Most functions accept a cms_format parameter:

from medicaid_utils.adapted_algorithms.py_elixhauser.elixhauser_comorbidity import score

# MAX (after constructing LST_DIAG_CD — see above)
score(ip.df, lst_diag_col_name="LST_DIAG_CD", cms_format="MAX")

# TAF (after calling gather_bene_level_diag_ndc_codes())
score(ip.dct_files["base_diag_codes"], lst_diag_col_name="LST_DIAG_CD", cms_format="TAF")

Cohort Extraction

The extract_cohort function handles format differences internally:

# Just change cms_format — the rest of the API is the same
extract_cohort(state="WY", lst_year=[2012], cms_format="MAX", ...)
extract_cohort(state="AL", lst_year=[2019], cms_format="TAF", ...)
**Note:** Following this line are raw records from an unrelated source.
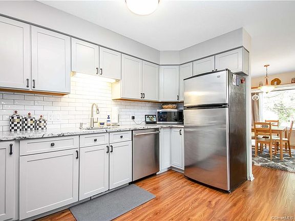 Beautiful end unit townhouse with updated kitchen, open floor plan, soaring ceilings and perennial gardens! Stylish kitchen has been remodeled with gray cabinets, granite, subway tile, gas range and stainless steel appliances. Open to the living room and dining room with large windows for plenty of sunlight. Fireplace with white washed brick is the focal point of the living room. New furnace and central a/c. Full basement is partially finished yet still plenty of room for storage with built in wood shelving. Laundry is located on the main level. 2nd level has 2 carpeted bedrooms. The Master has a walk in closet and direct access to the full bathroom with 2 sinks. A private outdoor area is gardened with gorgeous perennials. One car garage, efficient gas heat, low HOA fees. A great place to call home!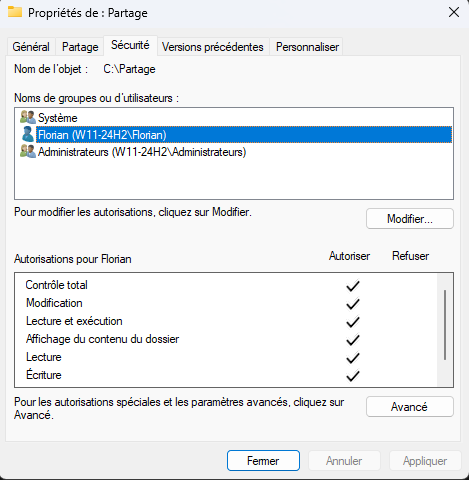 partageest propriétaire du dossier. - Les membres du groupe ont les droits de lecture et d'écriture.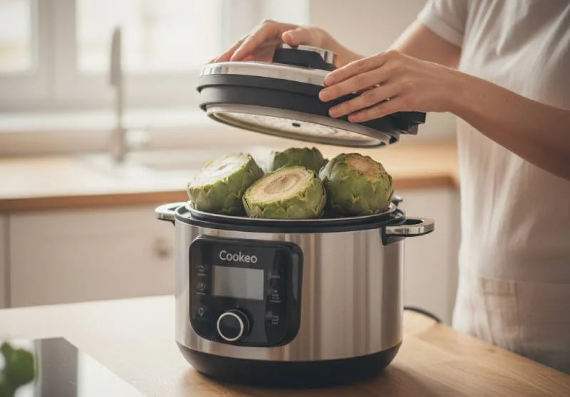Note complémentaire : Vous pouvez cuire 2 à 3 artichauts simultanément dans un Cookeo standard selon leur taille. Pour en cuire davantage, faites deux fournées plutôt que de les empiler — une couche unique garantit une cuisson uniforme et des résultats constants à chaque fois.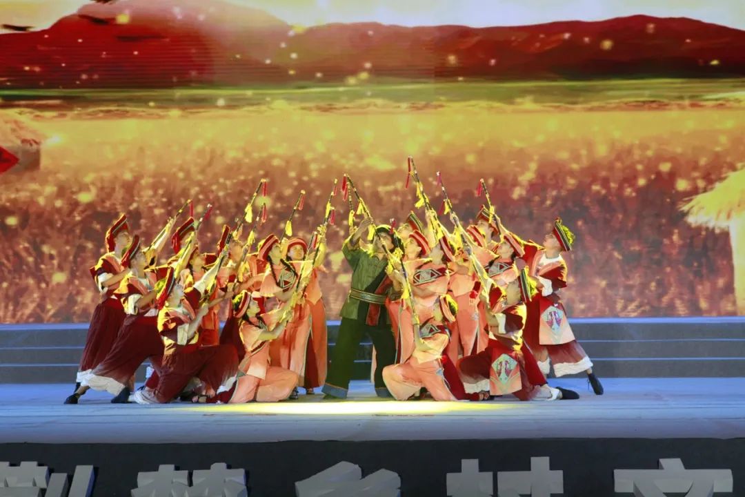 群舞《连厢情》 湖北阿尼阿兹文旅演艺有限公司 伴随着夜幕的降临,展演在独具地域特色的群舞《连厢情》中拉开了帷幕,民间老艺人用精彩的表演,表达了对滚龙连厢的深情厚爱。歌曲《摘朵栀子花》《紫薇树下》、小戏《燕儿归》用不同的艺术形式,反映大山里青年男女对美好爱情和幸福生活的追求。歌曲《麦浪》《耕牛闹春》声情并茂,独具风采,唱出了荆楚儿女质朴的情感和对美好生活的热爱。群舞《下鱼籇》《我的父母之乡》展现出乡村振兴背景下农村的新面貌、新生活、新气象。群舞《耍出土家新风采》《把把子鼓儿敲起来》将传统非遗融入现代生活,展示了民间艺术的无穷魅力。群舞《闯滩的汉子》讴歌了三峡人激流勇进、奋勇顽强、战天斗地的大无畏精神。而湖北小曲作品《鹤归谣》则以独具有地方特色的艺术形式,采用拟人的手法,展现武汉人民庚子年不畏艰难、万众一心抗击新冠疫情的光辉历程,感染了在场的每一位观众。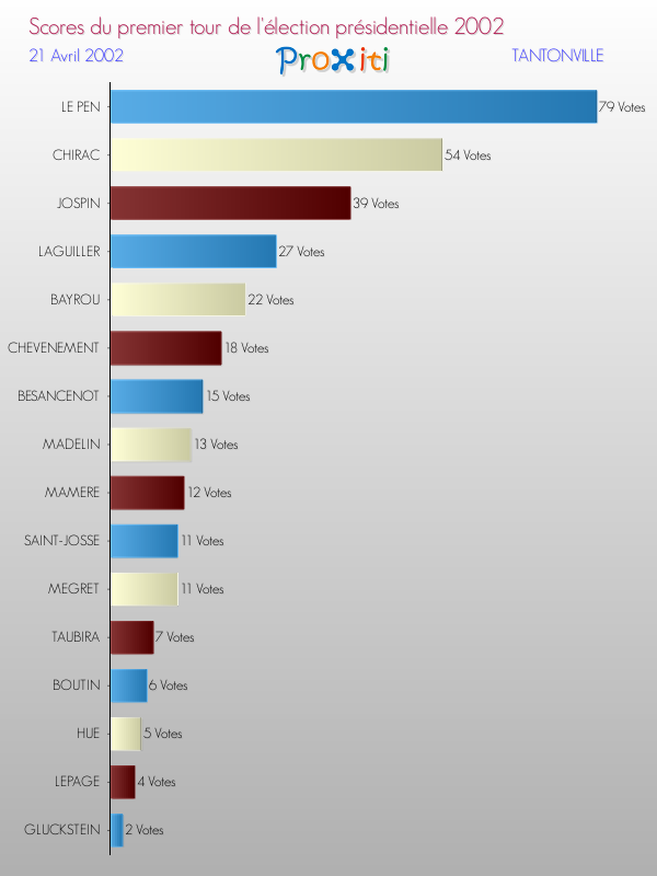 Résultats des votes à l'élection du Président de la République Française 2002 à Tantonville

Which Format Should I Use?

  • ICD-9 studies (pre-October 2015): Use MAX data

  • ICD-10 studies (post-October 2015): Use TAF data

  • Cross-era studies: Use both, with ICD-9 and ICD-10 code mappings in your dct_diag_proc_codes

  • Pharmacy studies: TAF preferred (medicaid-utils implements TAF RX preprocessing via TAFRX; MAX RX data exists in CMS but is not yet supported in the package)

Beneficiary ID (BENE_MSIS)

BENE_MSIS is a composite identifier constructed by medicaid-utils (not a raw CMS column). It applies to both MAX and TAF:

BENE_MSIS = STATE_CD + "-" + HAS_BENE + "-" + (BENE_ID or MSIS_ID)
  • BENE_ID — CMS-assigned, intended to be unique across states and years

  • MSIS_ID — State-assigned, unique only within a state and year

  • HAS_BENE1 if BENE_ID exists, 0 otherwise (falls back to MSIS_ID)

Example: "AL-1-123456789" (Alabama, has BENE_ID, ID is 123456789)

The index_col parameter on all claim classes accepts any of the three IDs: "BENE_MSIS", "BENE_ID", or "MSIS_ID". The default is "BENE_MSIS".

See also

Glossary for complete column name mappings, Preprocessing Claims for loading and cleaning details.